Tuesday, June 16, 2009

The Death Of The Clean, Well-Lighted Movie Place

I remember when Electronics Boutique was a premium retail location.

My good friend John Harwood was the manager of EB in a local mall, which is how I met him, and his store was amazing. I still remember the drive out there at lunchtime, looking forward to picking up the newest game and staying to talk about gaming for a while.

The long, slow decline began when EB suddenly started carrying all kinds of trading cards and non-gaming merchandise. Then they started selling used games.

John was long gone by this time, so he didn't have to suffer through the shrinkage of shelf space for new games, the increasing space for used games, and the used car salesman approach to customers. It took years, but Electronics Boutique went from being a premium location to being a used game flea market.

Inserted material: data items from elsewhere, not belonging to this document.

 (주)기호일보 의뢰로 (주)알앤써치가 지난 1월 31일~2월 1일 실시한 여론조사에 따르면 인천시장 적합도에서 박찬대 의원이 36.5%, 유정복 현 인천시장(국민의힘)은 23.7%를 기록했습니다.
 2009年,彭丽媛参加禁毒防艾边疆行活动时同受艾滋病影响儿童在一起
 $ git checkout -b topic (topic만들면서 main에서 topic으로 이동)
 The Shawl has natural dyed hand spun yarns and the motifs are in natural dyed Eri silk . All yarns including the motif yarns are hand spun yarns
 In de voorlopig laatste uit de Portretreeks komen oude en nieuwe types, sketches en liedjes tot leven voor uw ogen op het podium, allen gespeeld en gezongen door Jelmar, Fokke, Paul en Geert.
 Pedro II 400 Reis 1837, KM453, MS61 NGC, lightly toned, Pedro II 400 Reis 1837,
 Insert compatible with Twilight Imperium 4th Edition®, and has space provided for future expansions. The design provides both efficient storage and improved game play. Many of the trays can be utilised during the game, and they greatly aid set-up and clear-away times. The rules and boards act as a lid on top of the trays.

Part of this change was reflected in the merchandising of the store. It just looked down market. The store started getting very cluttered, and the general feel of the store became completely incoherent.

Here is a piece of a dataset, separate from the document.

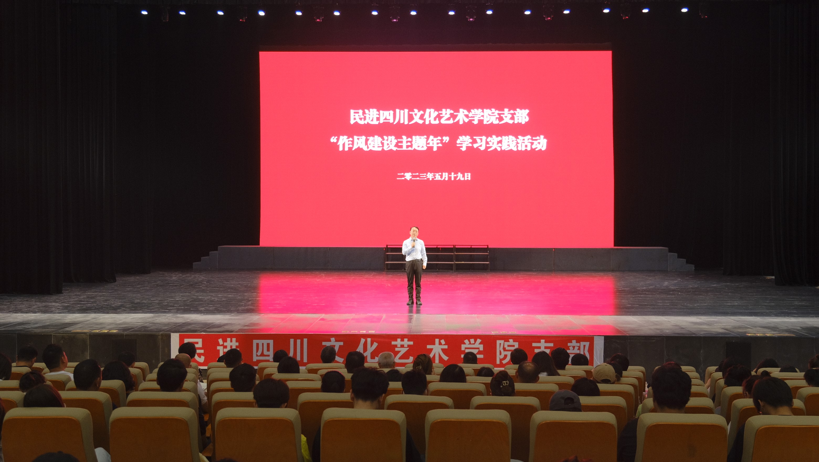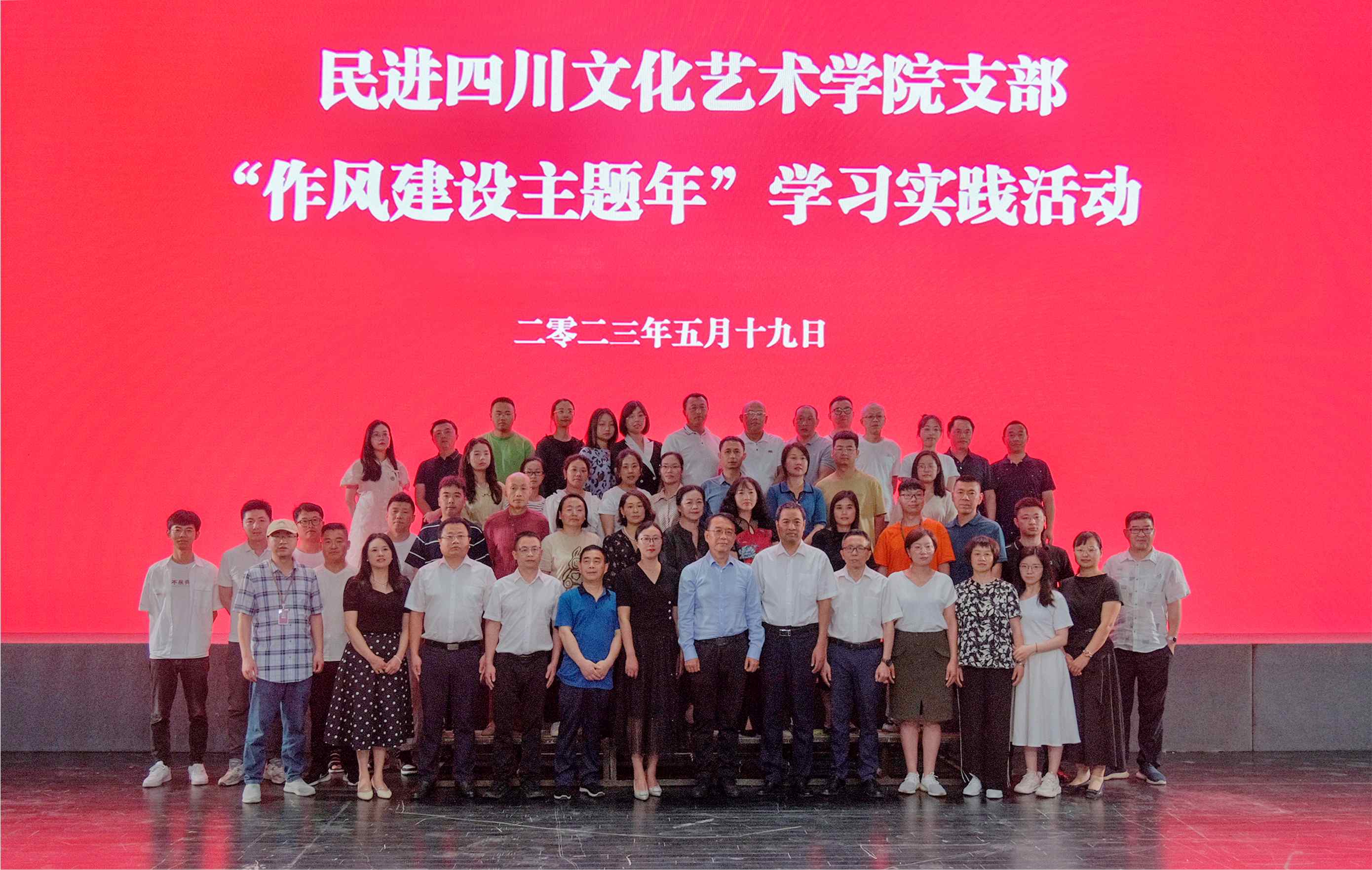 5月19日,民进四川文化艺术学院支部在学校梓潼校区举行“作风建设主题年”学习实践活动启动仪式。绵阳市人大常委会副主任、民进绵阳市委主委李京平,绵阳市人大常委会副秘书长廖进,民进绵阳市委秘书长赵波,民进绵阳市委委员、组织部部长胡香君,梓潼县人大常委会副主任陈红,梓潼县委统战部副部长杨梓健等市县校相关领导参加启动仪式。

I was reminded of this today when I went to Blockbuster, looking to rent a copy of the newly-released Blu-ray version of Ghostbusters. I remember Blockbuster as well-organized and merchandised.

A clean, well-lighted movie store, so to speak.

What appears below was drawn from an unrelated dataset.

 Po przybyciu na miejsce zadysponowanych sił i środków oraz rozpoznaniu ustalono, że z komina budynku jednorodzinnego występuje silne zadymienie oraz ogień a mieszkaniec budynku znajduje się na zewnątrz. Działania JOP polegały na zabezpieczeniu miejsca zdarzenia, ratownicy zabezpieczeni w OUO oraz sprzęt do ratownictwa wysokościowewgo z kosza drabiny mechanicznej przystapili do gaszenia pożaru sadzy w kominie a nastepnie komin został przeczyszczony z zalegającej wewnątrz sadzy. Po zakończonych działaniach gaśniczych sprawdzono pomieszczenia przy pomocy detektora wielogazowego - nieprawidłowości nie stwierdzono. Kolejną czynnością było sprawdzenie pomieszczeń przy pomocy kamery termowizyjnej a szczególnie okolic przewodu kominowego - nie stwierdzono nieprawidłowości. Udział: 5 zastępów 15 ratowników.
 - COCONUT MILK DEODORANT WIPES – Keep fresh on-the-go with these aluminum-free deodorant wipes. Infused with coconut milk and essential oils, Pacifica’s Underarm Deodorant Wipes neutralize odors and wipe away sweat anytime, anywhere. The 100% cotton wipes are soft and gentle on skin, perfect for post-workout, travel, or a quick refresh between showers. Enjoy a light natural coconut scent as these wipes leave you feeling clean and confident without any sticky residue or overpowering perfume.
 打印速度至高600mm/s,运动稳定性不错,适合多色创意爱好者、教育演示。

I obviously haven't been to Blockbuster in quite a while, though, because boy, has it changed. They used to get all the new releases every Tuesday, but when I tried to rent Ghostbusters, one store didn't have it, and a second store said they only had new copies to sell. The clerk at the second store said it would be a week before they had rental copies.

Well, that's certainly timely.

The merchandising has completely changed, too. It's vintage flea market, with a huge amount of space being given to used discs. In short, it looks exactly like EB did when it became a place you went to as a last resort.

I understand that business models will change over time to what is perceived as the most profitable strategy. What I can't figure out, though, is why selling used products seems to require the crapification of merchandising and the general collapse of order.